Imogene Mullins, administrative assistant in human resources for the
Brevard County Sheriff's Office, said her office handles at least one
exposure incident a week. ''It is a typical thing,'' she said.
Her
department's plan was updated less than two years ago and includes
prevention and training as well as post-exposure procedures. Counseling,
medical treatment and employee assistance programs are available.
Officers may charge the person who bites or spits on them with battery
on a law enforcement officer.
There
are no exact numbers available for police officers who actually contract
potentially fatal infectious diseases by work exposure.
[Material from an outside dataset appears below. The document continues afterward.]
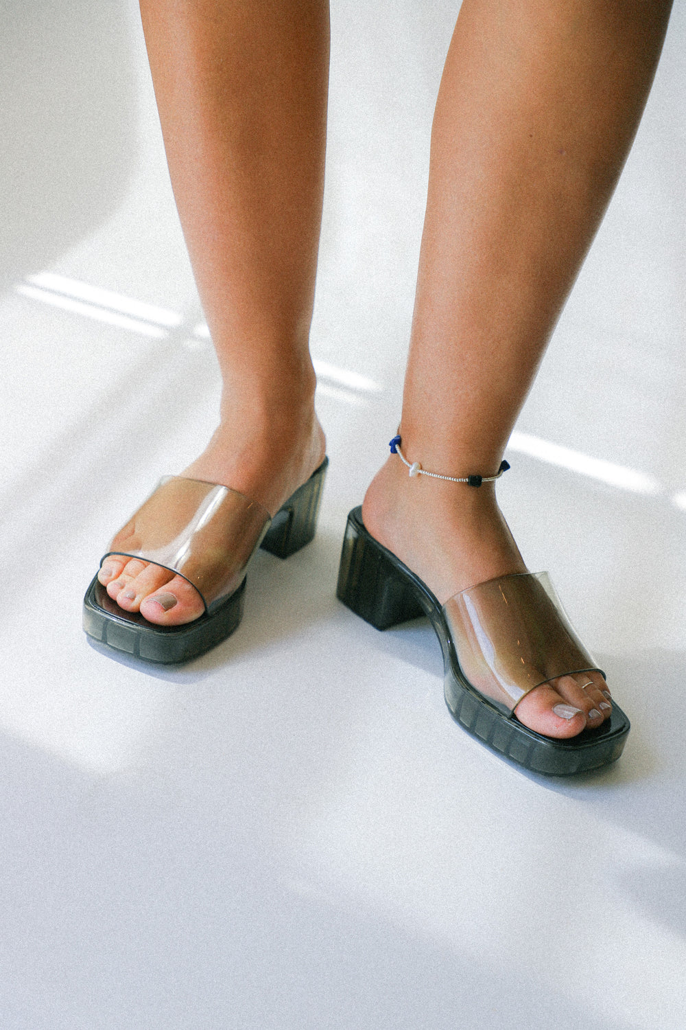 Vegan, 80s-inspired heeled jelly sandal featuring a block heel and platform.

Most are
healthcare workers or correctional officers rather than police officers.
The
CDC reports that of the 688,200 AIDS cases reported in the United States
through Jan. 1, 1999, 21,267 were the result of an at-work exposure.
Any
long-term officer in the field probably has exposure stories to tell.
Dechenne's closest call was while he was off-duty last year. A motor
vehicle accident occurred directly in front of him, and he went to the
aid of a driver, who was bleeding. ''Florida Highway Patrol gave me some
wipes when they got on the scene. I gave my business card to the fire
department and told them to call me if there were any concerns,'' he
said. The woman died, and he never got a call. ''I was hoping they'd
call to at least say everything was OK,'' he said.
TO
TELL OR NOT
He
said he had to decide whether to tell his family about the incident.
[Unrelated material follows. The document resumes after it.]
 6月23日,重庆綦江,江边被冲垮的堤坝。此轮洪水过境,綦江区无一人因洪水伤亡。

''It's a conscious decision whether to tell, because they are impacted,
too,'' he said.
Lou Liebig of Suntree, director of central services
at Holmes Regional Medical Center in Melbourne, taught courses on
mitigating infectious disease exposure to military personnel and foreign
governments.
The
operating room nurse has trained police as well, and says the risk of
contraction is small, but risk of exposure is fairly high locally.
''We
see a lot of homeless in our area,'' he said, and some have a condition
that causes blood in their vomit.
He
said police worry most about AIDS, but the exposure to hepatitis is much
greater. ''The best protection in the field is soap and water,'' he
said.
Officers need to ask questions and become aware of the best way to
protect themselves, he said. Nothing is 100 percent safe, but
precautions reduce exposure, Liebig said.